The new measures follow a sharp increase in cases in recent days. There have been 519 confirmed cases in India and 10 reported deaths.

• NEW YORK – Governor Andrew Cuomo has pleaded for medical supplies, warning that Covid-19’s peak in the state will be worse than anticipated.

“The apex is higher than we thought and the apex is sooner than we thought,” Cuomo told reporters on Tuesday.

He said the federal government was not sending enough equipment to combat the crisis, noting the state needs 30 000 ventilators.

New York now has over 25 000 confirmed virus cases and at least 210 deaths.

“We need federal help and we need the federal help now,” Cuomo said.

“New York is the canary in the coal mine, New York is happening first, what is happening to New York will happen to California and Illinois, it is just a matter of time.”

The governor blasted the 400 ventilators sent to New York from the US Federal Emergency Management Agency (Fema).

“Four hundred ventilators? I need 30 000 ventilators. You want a pat on the back for sending 400 ventilators? . . . You’re missing the magnitude of the problem.”

• MADRRID – The coronavirus death toll in Spain has jumped by 514 in a single day, as the situation in the country quickly worsens.

Official figures show that 2 696 people have now died in the country and close to 40 000 are infected.

About 5 400 health care workers are among those confirmed cases, while funeral vans began arriving at Madrid’s ice rink, hastily transformed into a makeshift morgue.

Spain is the worst affected country in Europe after Italy, which has recorded more than 6 000 deaths so far.

Around 14 per cent of all infections are among health workers, which health emergency chief Fernando Simon attributed to the limited availability of protective equipment and several early clusters of the virus occurring in hospitals.

He also warned pressure on intensive-care units would continue after transmission of the virus among the general population had peaked.
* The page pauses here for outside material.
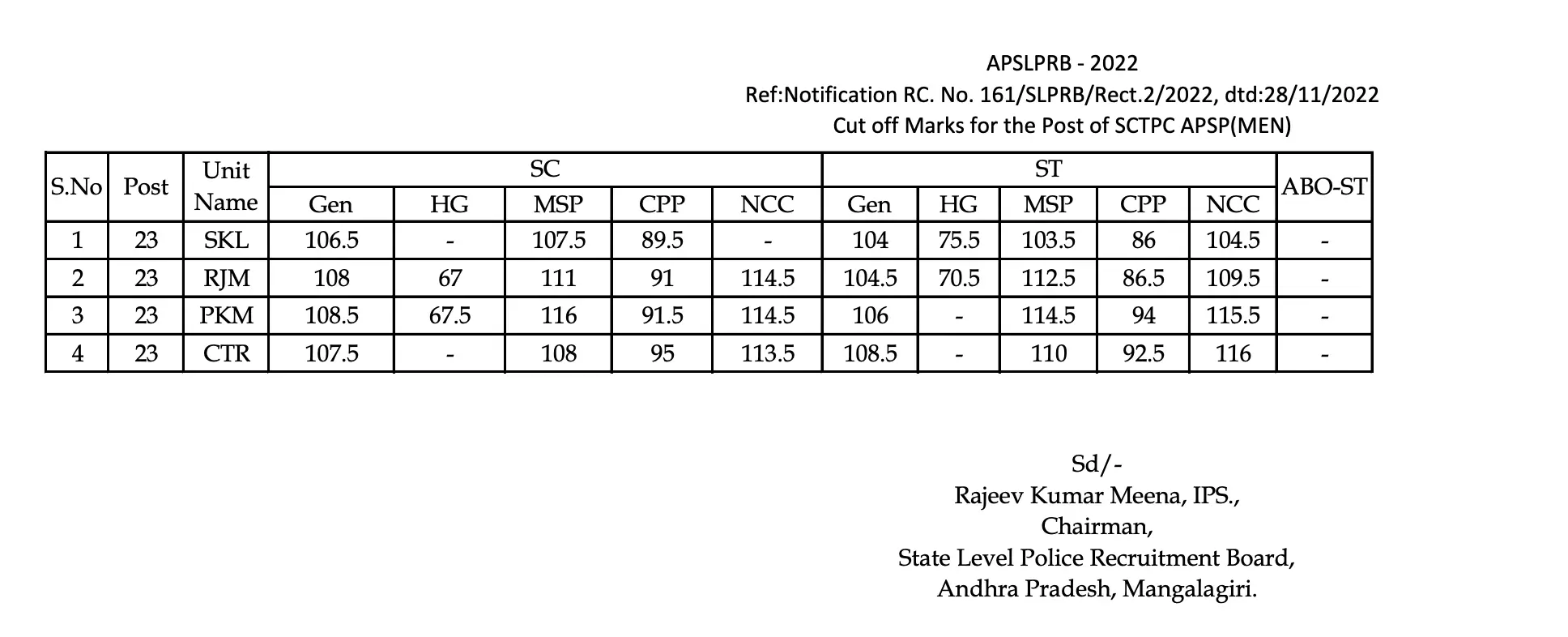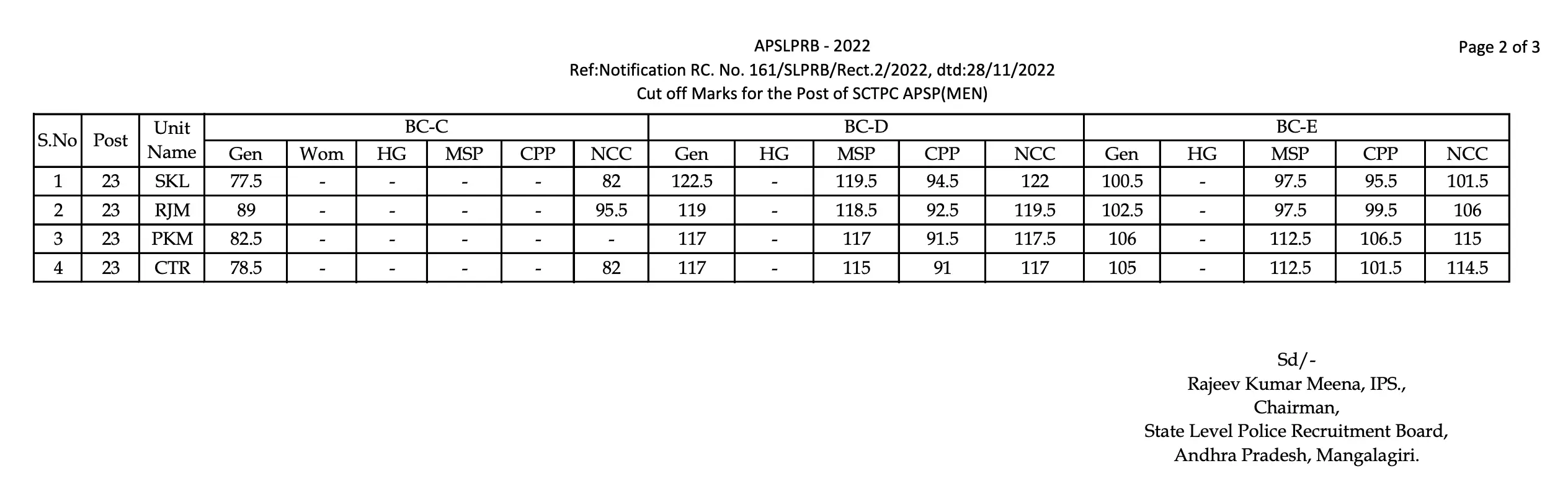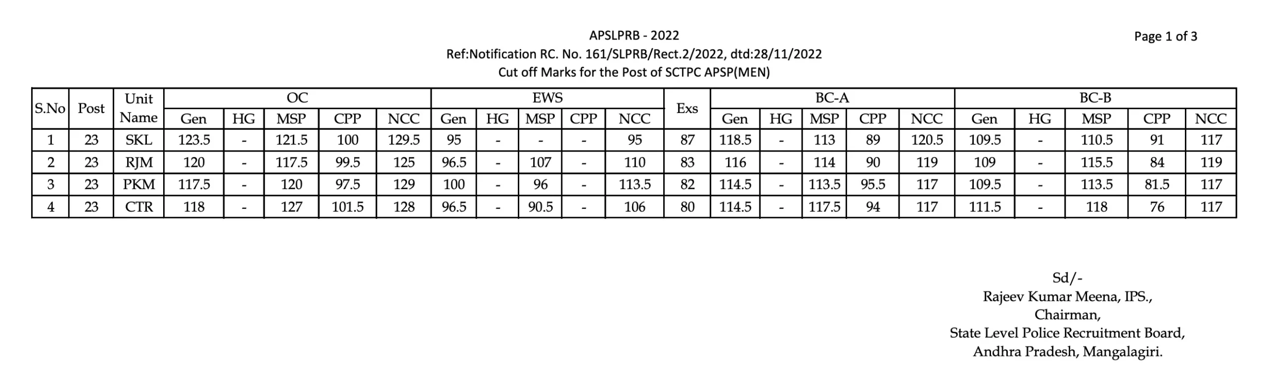 AP Police Prelims Cut Off 2025 for SCT RSI (APSP) (Men) Posts

Echoing his concerns, nursing union SATSE called for test kits and for drastic measures to help prop up Madrid’s hospitals, which it said were on “the verge of collapse”.

While cases have been mostly concentrated in Madrid, Catalonia and the Basque Country, infection numbers are growing in other regions.

Castilia-La Mancha and Castilla y Leon, which border the capital, have seen a big jump in cases. Both regions have large elderly populations.